Variant level:
We follow the HGVS recommendations for variant description and use HGNC gene symbols. The DVD defaults to the GRCh38 assembly while also supporting searches by GRCh37. When relevant, we display both genome and transcript-based notations to reduce ambiguity.
Variant Level
Genomic (g.): assembly + coordinate levelg. is least error-prone and unambiguous across transcripts.
Example: GRCh38 13:20763071 A>G
cDNA (c.): transcript-relative HGVS
c. provides exon/intron context but depends on the chosen transcript.
Example: NM_004004.6:c.35delG
Protein (p.): predicted effect
p. conveys functional impact at the protein level.

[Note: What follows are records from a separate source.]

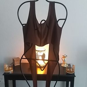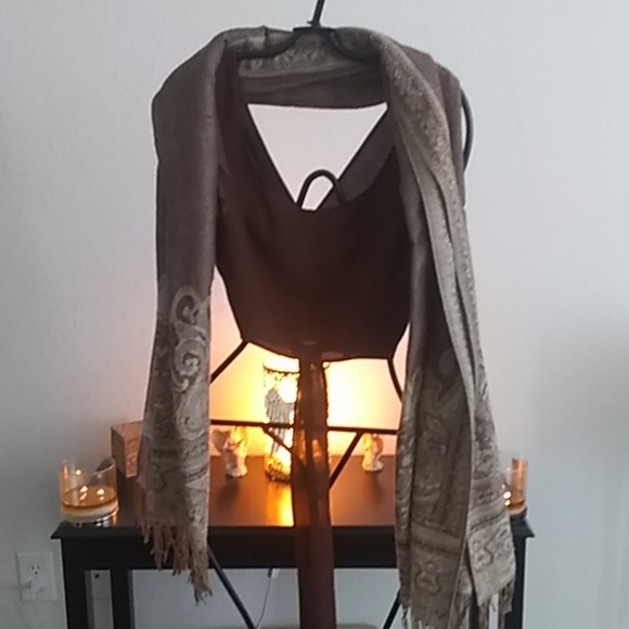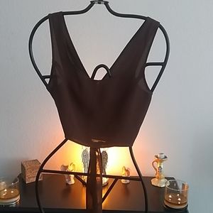Brown multi wrap top, polyester. Sexy alone, or over blouse
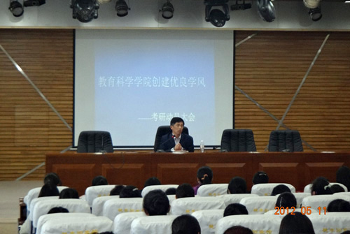 5月11日下午,教育科学学院“创建优良学风”系列活动之考研动员大会在梦溪宾馆二楼会议室举行。教育科学学院院长、博士生导师温恒福教授针对学院09级全体学生做了一场关于考研、就业的专题报告会。秉承着“敦品励学、弘毅致远”的校训,温恒福从升学、就业以及个人成长三个层次强调学生学习的重要性,深刻而细致地为同学们分析当前的就业形势和考研的重要性,鼓舞广大三年级学生要保持坚持不懈的学习精神,并针对同学们提出的疑虑和困难,一一给予了细致解答。
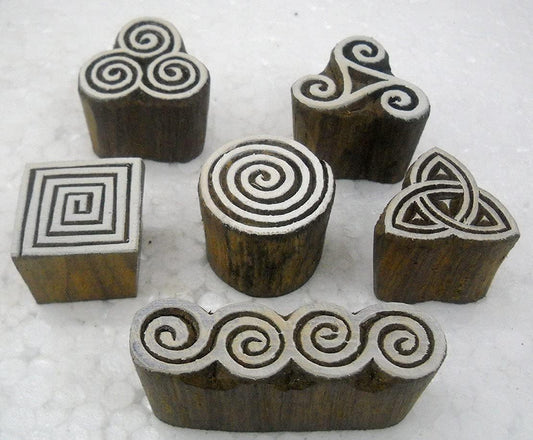 Royal Kraft Spiral Wooden Printing Stamps (Set of 5) - DIY Henna Fabric Textile Paper Clay Pottery Blocks Htag2230
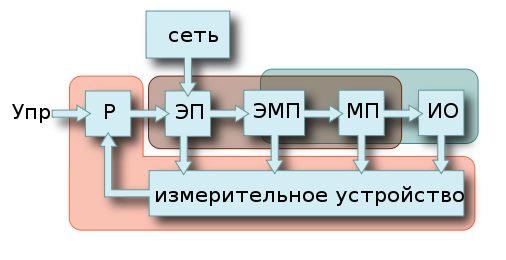 Функциональные элементы: 1) Регулятор (Р) предназначен для управления процессами, протекающими в электроприводе. 2) Электрический преобразователь (ЭП) предназначен для преобразования электрической энергии сети в регулируемое напряжение постоянного или переменного тока. 3) Электромеханический преобразователь (ЭМП) — двигатель, предназначен для преобразования электрической энергии в механическую. 4) Механический преобразователь (МП) может изменять скорость вращения двигателя, а также характер движения (с поступательного на вращательное или с вращательного на поступательное). 5) Упр — управляющее воздействие. 6) ИО — исполнительный орган.
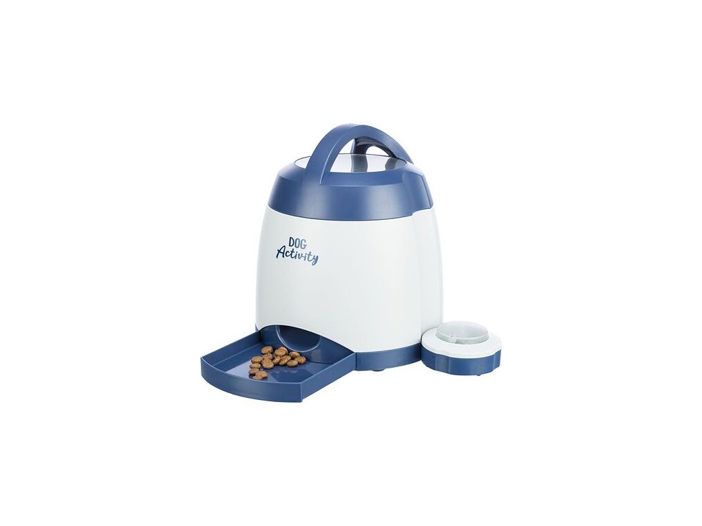 - higher difficulty is given by the greater distance between the trigger button and the treat dispenser (both parts can also be placed in other rooms)

Example: p.(Val12fs) or p.Val26Met
Gene Level
Primary labels use HGNC-approved symbols.
Common historical symbols are listed as synonyms on gene pages (e.g., ADGRV1 (GPR98), DFNB31 (WHRN), DFNB59 (PJVK)).
When HGNC updates a symbol, we retain prior symbols for search and display the current symbol as the primary.
Transcripts
For each gene, DVD uses the MORL-curated deafness-relevant transcript as the primary reference for cDNA (c.) and protein (p.) notation. When an MORL-curated transcript has not been established, we default to MANE Select (or MANE Plus Clinical when clinically more appropriate).
All c./p. strings include versioned accessions (e.g., NM_004004.6) for reproducibility.
Phenotypes
When possible, phenotypic standard names derived from OMIM have been utilized.
In some instances, no appropriate phenotype is available in OMIM; phenotype name style is then preserved.
Non-deafness-related phenotypes that are not available in OMIM are presented as formatted by available sources.
Conversion of phenotype nomenclature to corresponding OMIM names is ongoing.